Condition diabetes mellitus
Treatments biod-531, humalog® mix 75/25
Phase phase 2
Sponsor Biodel
Start date May 2015
End date June 2016
Trial size 130 participants
Trial identifier NCT02446028, 3-250

Summary

The purpose of this study is to evaluate the safety and efficacy of BIOD-531 compared to Humalog®Mix 75/25 in patients with type 2 diabetes.

United States No locations recruiting
Other Countries No locations recruiting

Study Design

Allocation randomized
Endpoint classification safety/efficacy study
Intervention model parallel assignment
Masking open label
Primary purpose treatment
Arm
(Experimental)
BIOD-531 injected twice daily
biod-531
(Active Comparator)
Humalog® Mix 75/25 injected twice daily
humalog® mix 75/25

Primary Outcomes

Measure
Change in HbA1c
time frame: 18 weeks

Secondary Outcomes

Measure
Postprandial glucose excursions
time frame: 18 weeks
Change in weight
time frame: 18 weeks
Hypoglycemic event rates
time frame: 18 weeks

Eligibility Criteria

Male or female participants from 18 years up to 75 years old.

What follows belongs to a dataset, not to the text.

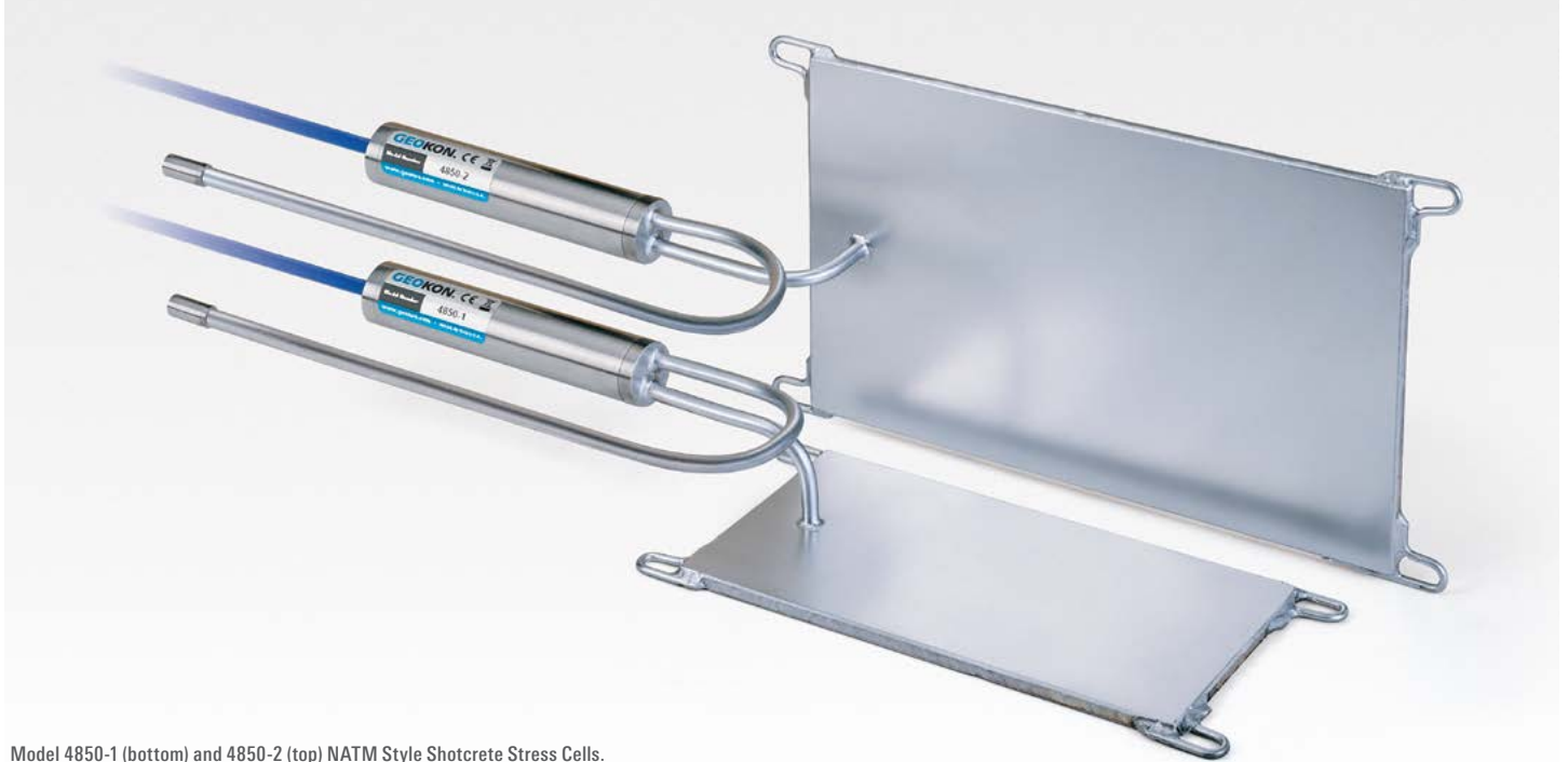
Model 4850-1 (bottom) and 4850-2 (top) NATM Style Shotcrete Stress Cells.

Inclusion Criteria: - Established clinical diagnosis of type 2 diabetes, consistent with ADA classification criteria for 6 months or longer. - Body Mass Index 27 - 45 kg/square meter, inclusive. - Screening HbA1c between 7.5 and 11.0%, inclusive. - Up to two injections per day of U-100 basal (NPH, glargine, or detemir), pre-mixed, or self-mixed basal/prandial insulins or insulin analogs at stable total daily doses between 40 -200 units/day, inclusive, for ≥ 3 months prior to screening. Exclusion Criteria: - Regular use of Humulin®R U-500 or sulfonylurea, exenatide (short-acting), repaglinide, or nateglinide within 1 month prior to screening. - History of bariatric surgery. - Subject has had one or more severe hypoglycemic episodes associated with seizure, coma, or unconsciousness within the past 6 months. - History of known hypersensitivity to any of the components in the study medication. - New York Heart Association (NYHA) Class III or IV functional capacity, unstable angina pectoris, myocardial infarction, severe peripheral vascular disease, ischemic strokes or transient ischemic attacks within 6 months of screening. - Systolic blood pressure ≥ 180 mmHg or sitting diastolic blood pressure ≥ 100 mmHg confirmed on repeat during screening visit.

Additional Information

Official title A Randomized, Open-label Parallel Group Phase 2b Trial Evaluating Safety and Efficacy of BIOD 531 Compared to Humalog® Mix 75/25 in Subjects With Type 2 Diabetes
Description BIOD-531 is a formulation of recombinant human insulin with a biphasic absorption profile characterized by rapid absorption (to prevent meal-time rises in blood glucose) and a secondary longer (basal) phase. The purpose of this trial is to evaluate glucose control and safety of BIOD-531 compared to a pre-mixed insulin which is commonly used to provide both meal-time and long acting insulin.
Trial information was received from ClinicalTrials.gov and was last updated in July 2015.
Information provided to ClinicalTrials.gov by Biodel.